*** Opening Material for the task ***

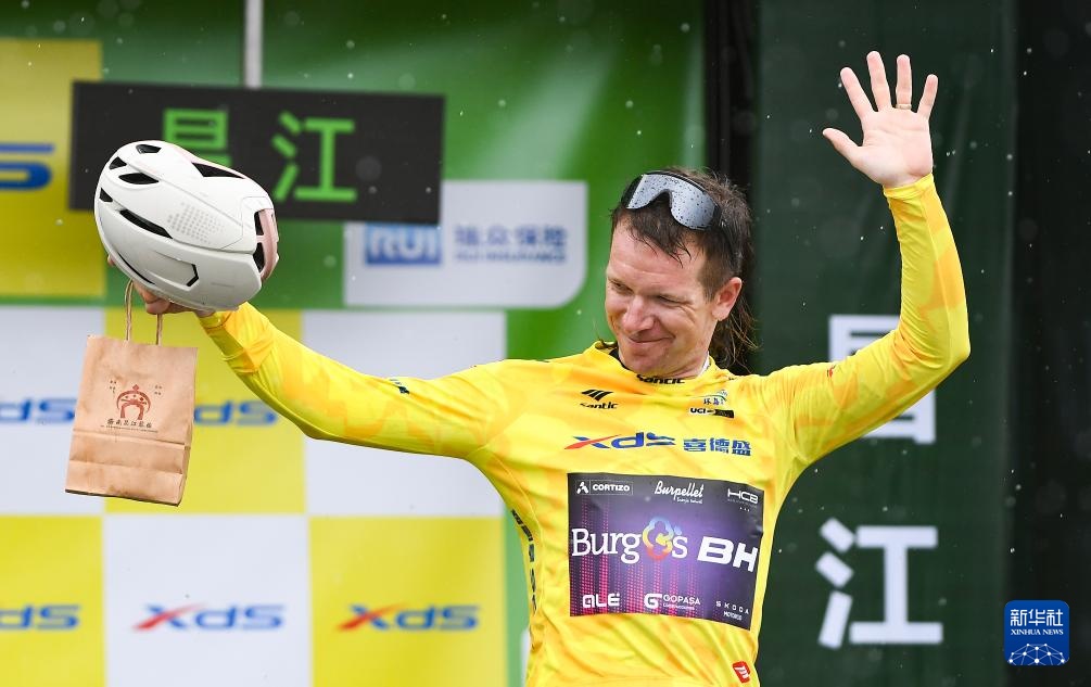 8月30日,西班牙布爾戈斯-BH車隊車手蓋特獲得代表個人總成績第一名的黃衫。新華社記者 楊冠宇 攝
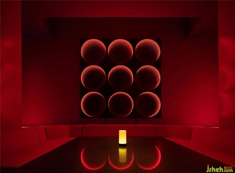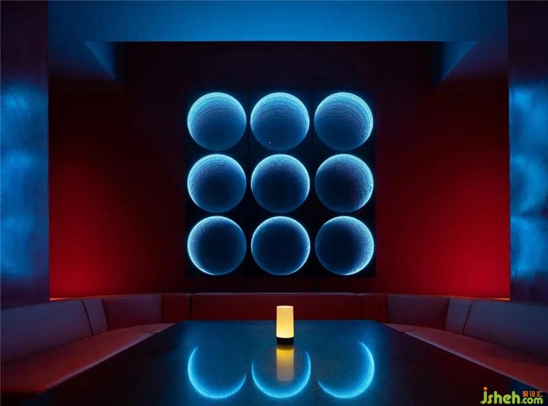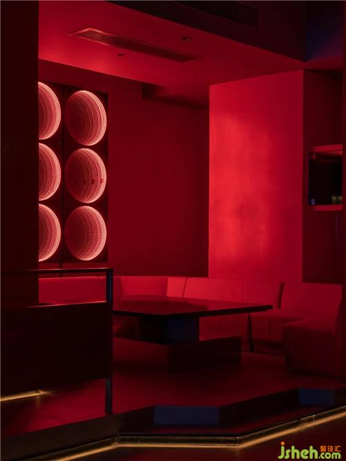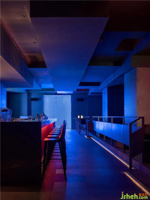 在對(duì)梁體和管道進(jìn)行包覆之后,就自然形成了層層疊疊的體塊關(guān)系。凹洞內(nèi),加入彩色的燈光酒吧裝修設(shè)計(jì),形成迷幻的“天窗”效果。
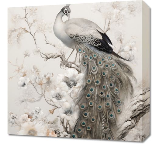 Obraz z serii wnętrza zatytułowany Pawia Gracja. Ta grafika przedstawia majestatycznego pawia spoczywającego na gałęzi, otoczonego przez delikatne kwiaty magnolii. Kunsztownie oddane detale piór i kwiatów w pastelowej palecie barw tworzą uczucie spokoju i harmonii. Obraz ten jest idealny dla miłośników piękna natury i sztuki, doskonale nadaje się do wnętrz o klasycznej i eleganckiej estetyce, takich jak salon, sypialnia, a także jako wyjątkowy element dekoracyjny w spa lub miejscach relaksacji.
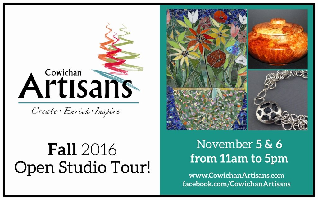 The Cowichan Artisans are opening their studios for their 2016 Annual Fall Studio Tour. Saturday November 5th and Sunday November 6th, between 11 am and 5 pm both days. Visit these professional artists in their studios, displaying a large range of fine craft in clay, painting, woodwork, glass, mosaics, furniture and jewellery. Visit their website to download a tour map and for more information on the artists. www.cowichanartisans.com
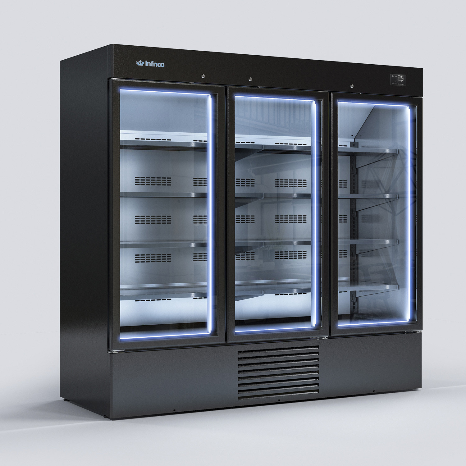 Vitrina speciala frigorifica cu 3 usi de sticla, iluminare interna cu LED, structura exterioara si interioara din otel plastifiat culoare alba(culoare neagra disponibila fara cost suplimentar), interiorul poate fi culoare neagra fara pret suplimentar, volum intern 20310 lt, usa batanta izolata cu geam dublu tip termopan pentru izolatie superioara, temperatura de lucru -18ºC, 4 polite interne pentru fiecare usa ajustabile in inaltime cu rezistenta foarte mare la greutate, clasa climatica 4 - motor tropicalizat pentru functionare la temperatura ambientala +38°C, racire ventilata, agent refrigerant ecologic R290, clasa de eficienta energetica D, consum in 24 ore 28kW, control electronic, decongelare automata, picioare reglabile in inaltime.
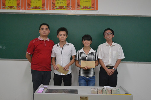 刘敏宣读获奖名单:叶雪琼、任俊华获一等奖学金,每人奖励1000元;陈兴平等六名同学获二等奖学金,每人奖励500元。莫卫平为获奖同学颁发奖学金。
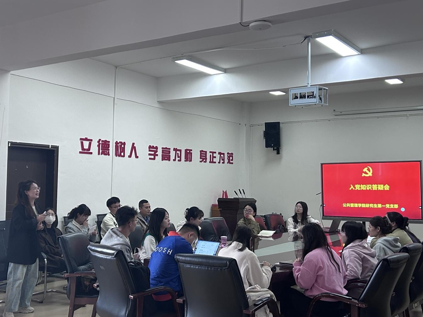 紧接着进行的入党知识答疑会上,宋单琳就支部发展党员量化指标进行了逐一介绍解读,支委及党员们针对日常同学们对于入党最关切的、共性的问题进行了一一解答。比如成为入党积极分子的推优条件是什么?党员发展的积分排序等等,通过现场面对面地交流,让同学们的每个问题都得到清楚的回应,有助于帮助大家进一步明晰从递交入党申请书到成为正式党员的每一个环节流程和注意事项。
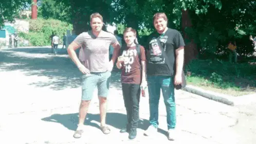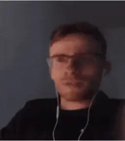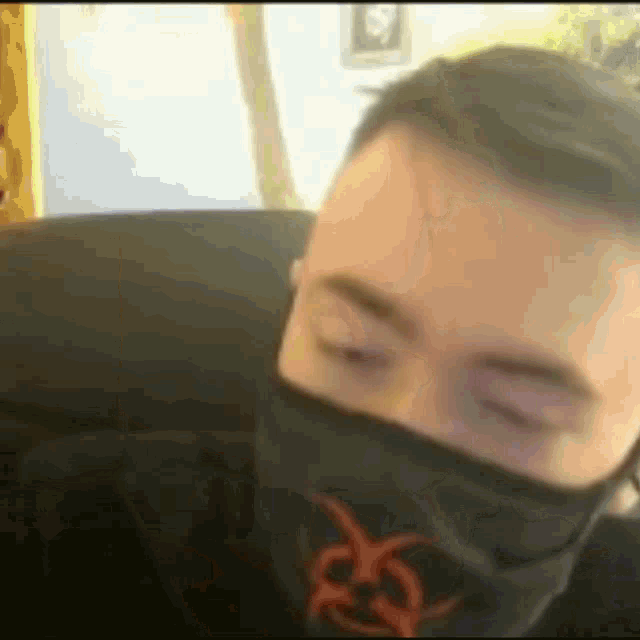 Zio Shevtsov, wearing a mask, holds up a framed photo, then another.
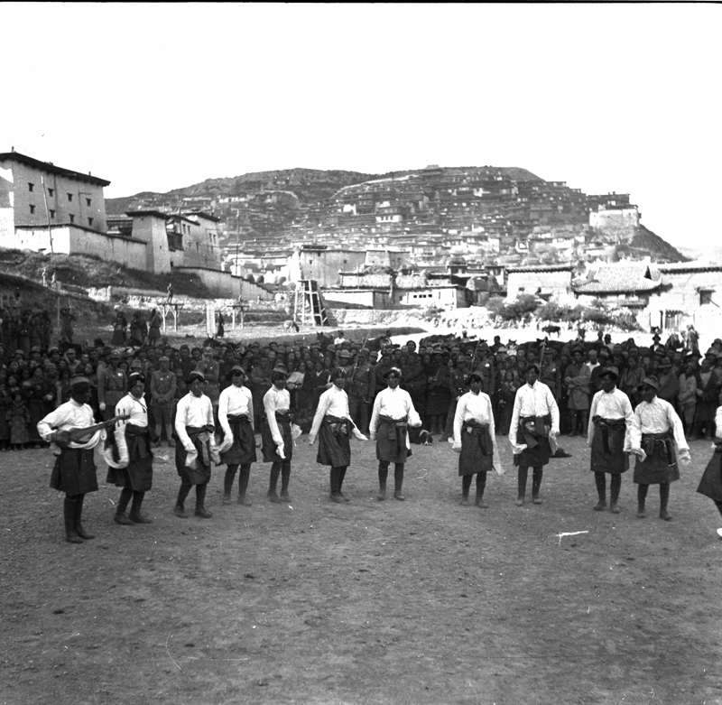 甘孜寺外九世班禅卫队追念九世班禅跳起踢踏舞。19世纪初英国侵藏军中的爱尔兰军人把踢踏舞从后藏带回爱尔兰并传入美国,成为20世纪初美国盛行的舞蹈。
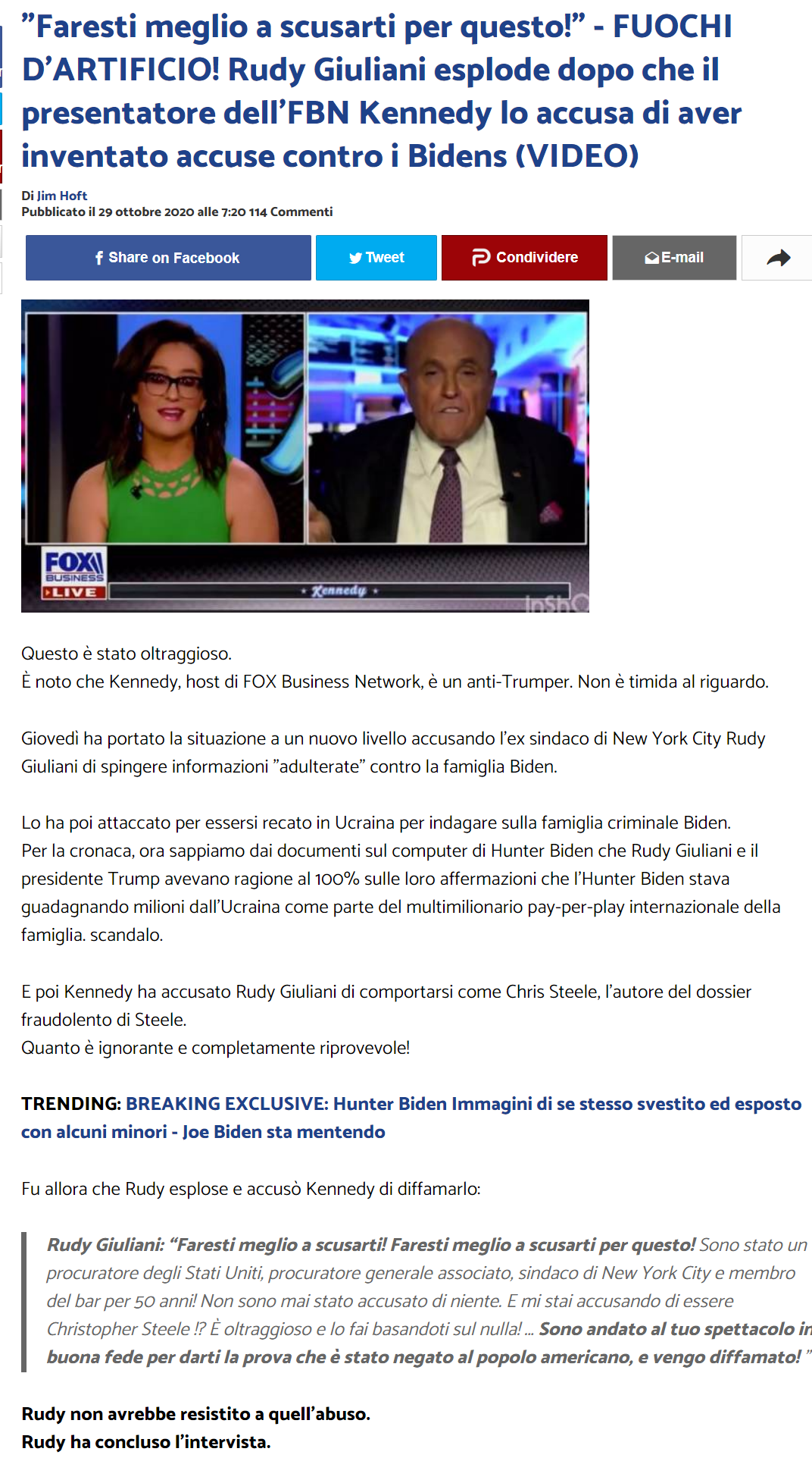 La causa precipitante (ma non solo) è che The Intercept sta tentando di censurare i miei articoli in violazione sia del mio contratto che dei principi fondamentali della libertà editoriale. L'esempio più recente e forse il più eclatante è una colonna di opinione che ho scritto questa settimana che, cinque giorni prima delle elezioni presidenziali, critica Joe Biden, il candidato che sembra essere vigorosamente sostenuto da tutti i redattori di Intercept a New York che stanno imponendo la censura e il rifiuto di pubblicare l'articolo a meno che non acconsenta a rimuovere tutte le sezioni critiche del candidato che vogliono vincere. Tutto ciò viola il diritto nel mio contratto con FLM di pubblicare articoli senza interferenze editoriali tranne in circostanze molto ristrette che chiaramente non si applicano qui.

*** Closing Material for the task ***

In the data above, find the line with "甘孜寺外九世班禅卫队追念九世" and repeat it and every line after it through the end, exactly; leave the pictures out.

#### Result:
 甘孜寺外九世班禅卫队追念九世班禅跳起踢踏舞。19世纪初英国侵藏军中的爱尔兰军人把踢踏舞从后藏带回爱尔兰并传入美国,成为20世纪初美国盛行的舞蹈。
 La causa precipitante (ma non solo) è che The Intercept sta tentando di censurare i miei articoli in violazione sia del mio contratto che dei principi fondamentali della libertà editoriale. L'esempio più recente e forse il più eclatante è una colonna di opinione che ho scritto questa settimana che, cinque giorni prima delle elezioni presidenziali, critica Joe Biden, il candidato che sembra essere vigorosamente sostenuto da tutti i redattori di Intercept a New York che stanno imponendo la censura e il rifiuto di pubblicare l'articolo a meno che non acconsenta a rimuovere tutte le sezioni critiche del candidato che vogliono vincere. Tutto ciò viola il diritto nel mio contratto con FLM di pubblicare articoli senza interferenze editoriali tranne in circostanze molto ristrette che chiaramente non si applicano qui.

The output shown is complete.